Ahh I see, so the model was trained with normalized images. Is this a necessary preprocessing step for the specific model (Resnet34) I’m using, or just to train the last few layers? Am I to understand that image normalization is used to train all or most of the pre-trained models in Fast AI?
Please ask me to be clear in my questions if I’m not.

Good to know that I answered your question.

It’s not specific to any model or a specific case like yours where you fine-tune the last few layers. It’s a common technique (or if you will, good practice). We do this before we hand-over the images to the image transformation/augmentation pipeline (tfms).

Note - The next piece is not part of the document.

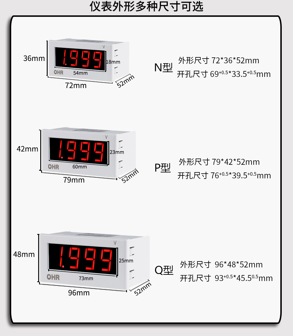 OHR-D300系列電壓/電流表是一種小體積的經(jīng)濟型數(shù)字式電測儀表,主要用于對電氣線路中的交直流電壓或交直流電流進行實時測量,并用LED數(shù)碼管以數(shù)字直讀方式進行顯示。產(chǎn)品具有穩(wěn)定性好,抗干擾性強,性價比高等優(yōu)點,且產(chǎn)品體積小,可直接替代原有指針式儀表。廣泛應(yīng)用于穩(wěn)壓器、點焊機、校驗臺等電氣設(shè)備或系統(tǒng)中。

It depends on the how the original pre-trained model handle the images in the datasets.

I think you got confused between single image normalization and dataset normalization. I have explained what is single image normalization previously (the one where you invoke open_image).

Dataset normalization is where you have the statistics of the training image datasets given by the model (e.g pre-trained ImageNet, Inception model, etc). Transformers are constructed according to that. All these are usually happened behind the scene in fastai lib. To illustrate, let’s take an example. This is how things looks like in code:

# Statistics pertaining to image data from ImageNet: mean and standard deviation of the images of each color channel
imagenet_stats = [0.485, 0.456, 0.406], [0.229, 0.224, 0.225]
imagenet_stats_arr = np.array(imagenet_stats[0]) if len(imagenet_stats)==1 else [np.array(o) for o in imagenet_stats]

# Datasets normalization.
tfms_from_model(function_model=vgg16, norm_y=True, ...)
# The above function will internally call `tfms_from_stats()`
tfms_from_stats(imagenet_stats, norm_y=True)
# Then, the above function will call PyTorch Normalize class
tfm_norm = Normalize(*imagenet_stats, tfm_y=tfm_y if norm_y else TfmType.NO)
# Normalize class mormalizes an image to zero mean and unit standard deviation, given the mean and std of the original image
1 Like

I get it now, thanks!

But I think the only question remaining is what drove the developers to write the functions this way. Why is it necessary to normalize the read image to the range between 0.0 - 1.0 (Single Normalization) when calling open_image, and then re-normalize it with the given statistics of the specific model using val_tfms. Why carry it out as two separate operations? You said fast ai does all of this under then hood, so why not just read an image from file and normalize it according to the training datasets using just one function? (in this case val_tfsm would be appropriate enough). Excuse my verbosity!

A good explanation without going so much into the theories, what motivated this, according to this StackOverflow answer:

It’s simply a case of getting all your data on the same scale: if the scales for different features are wildly different, this can have a knock-on effect on your ability to learn (depending on what methods you’re using to do it). Ensuring standardised feature values implicitly weights all features equally in their representation.

No, I think you misunderstand. My question was why there were two normalization functions developed when only one (val_tfms) would have sufficed. Not expecting an answer to this, but anything would do from you :smiley:

This is a nice summary.

This is a little dated. open_image now uses PIL and pushes the PIL to a tensor for GPU and pytorch.

Nitpicking also, I think scaled from 0 to 1 is a better description than normalised.

1 Like